Agent Architecture
The DeepTrace Agent is a lightweight, high-performance Rust-based component responsible for collecting distributed tracing data from applications without requiring code modifications. This document provides a detailed overview of the agent's architecture, components, and operational principles based on the actual implementation.
Overview
The DeepTrace Agent operates as a system-level service that uses eBPF (Extended Berkeley Packet Filter) technology to transparently capture network communications and system calls.
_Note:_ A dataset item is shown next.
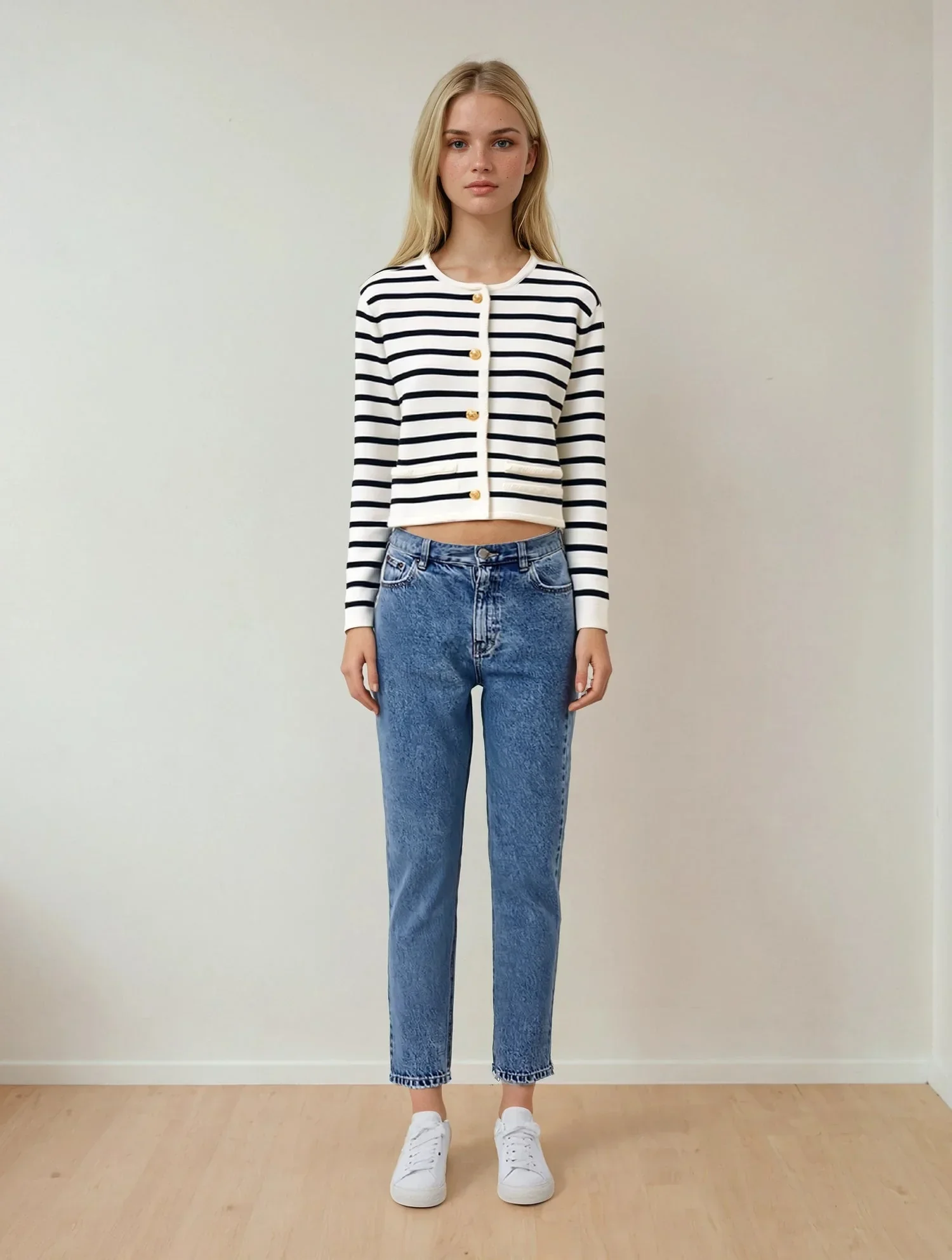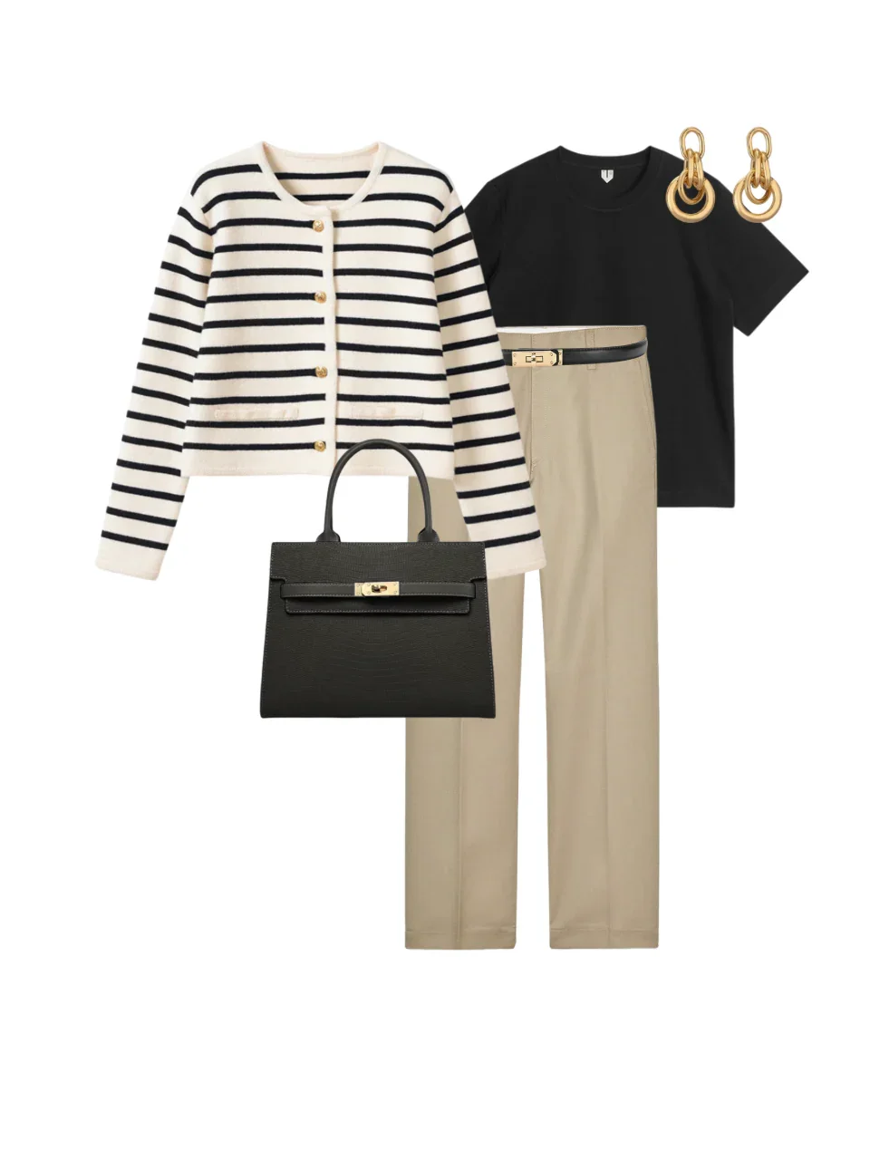 Cardigan boutonné en maille à rayures classiques Composition: 30 % coton, 70 % polyester T-shirt ajusté au style intemporel Composition: Coton Pantalon de travail décontracté et ample Always Professional Composition: Coton Ceinture Right On The Line Composition: 90 % polyuréthane, 10 % alliage Sac élégant de grande capacité et polyvalent Composition: PU Taille : 28*21*12 […]

It processes this raw data into structured spans and transmits them directly to Elasticsearch for storage and later processing by the DeepTrace Server.
Architecture Diagram
graph TB
subgraph "Application Layer"
APP1[Application 1]
APP2[Application 2]
APP3[Application 3]
end
subgraph "DeepTrace Agent"
subgraph "eBPF Layer"
TRACE_MODULE[TraceModule/TraceCollector]
EBPF_PROGS[eBPF Programs]
SYSCALLS[System Call Hooks]
end
subgraph "Processing Layer"
SPAN_CONSTRUCTOR[SpanConstructor]
MESSAGE_QUEUE[Message Queue]
end
subgraph "Sender Layer"
SENDER_PROCESS[SenderProcess]
ELASTIC_SENDER[ElasticSender]
FILE_SENDER[FlatFile]
end
subgraph "Management Layer"
CONFIGURATOR[Configurator]
SYNCHRONIZER[Synchronizer]
METRIC_COLLECTOR[MetricCollector]
API_SERVER[Rocket API Server]
end
end
subgraph "External Systems"
ES[(Elasticsearch)]
CONFIG_API[Configuration API]
end
APP1 --> SYSCALLS
APP2 --> SYSCALLS
APP3 --> SYSCALLS
SYSCALLS --> EBPF_PROGS
EBPF_PROGS --> TRACE_MODULE
TRACE_MODULE --> MESSAGE_QUEUE
MESSAGE_QUEUE --> SPAN_CONSTRUCTOR
SPAN_CONSTRUCTOR --> SENDER_PROCESS
SENDER_PROCESS --> ELASTIC_SENDER
SENDER_PROCESS --> FILE_SENDER
ELASTIC_SENDER --> ES
CONFIGURATOR --> SPAN_CONSTRUCTOR
CONFIGURATOR --> SENDER_PROCESS
SYNCHRONIZER --> API_SERVER
API_SERVER --> CONFIG_API
METRIC_COLLECTOR --> FILE_SENDER
Core Components
1. eBPF Layer
The eBPF layer provides the foundation for non-intrusive data collection:
TraceModule/TraceCollector
- Purpose: Main eBPF program management and data collection
- Implementation: Rust-based eBPF program loader and manager
- Target Processes: Configurable via PIDs in configuration
- Data Collection: Network system calls and socket operations
System Call Hooks
- Monitored Calls:
- Read Operations:
sys_enter_read,sys_exit_read,sys_enter_readv,sys_exit_readv - Receive Operations:
sys_enter_recvfrom,sys_exit_recvfrom,sys_enter_recvmsg,sys_exit_recvmsg,sys_enter_recvmmsg,sys_exit_recvmmsg - Write Operations:
sys_enter_write,sys_exit_write,sys_enter_writev,sys_exit_writev - Send Operations:
sys_enter_sendto,sys_exit_sendto,sys_enter_sendmsg,sys_exit_sendmsg,sys_enter_sendmmsg,sys_exit_sendmmsg - Socket Operations:
sys_exit_socket,sys_enter_close
- Read Operations:
- Configuration: Enabled probes are configurable via
enabled_probesarray - Logging: Configurable log levels (0=off, 1=debug, 3=verbose, 4=stats)
eBPF Configuration
- Buffer Management:
max_buffered_events(default: 128) - Process Filtering: Target specific PIDs for monitoring
- Probe Selection: Granular control over which system calls to monitor
2. Processing Layer
The processing layer transforms raw eBPF events into structured spans:
SpanConstructor
- Purpose: Converts raw eBPF messages into structured spans
- Input: Receives messages from TraceModule via crossbeam channels
- Output: Sends constructed spans to SenderProcess
- Implementation: Rust-based message processing with configurable buffering
- Configuration:
cleanup_interval: Span cleanup timing (default: 30 seconds)max_sockets: Maximum tracked sockets (default: 1024)
Message Queue System
- Channel Type: Crossbeam unbounded/bounded channels
- Message Flow:
TraceModule → SpanConstructor → SenderProcess - Buffer Sizes: Configurable bounded channels (default: 1024)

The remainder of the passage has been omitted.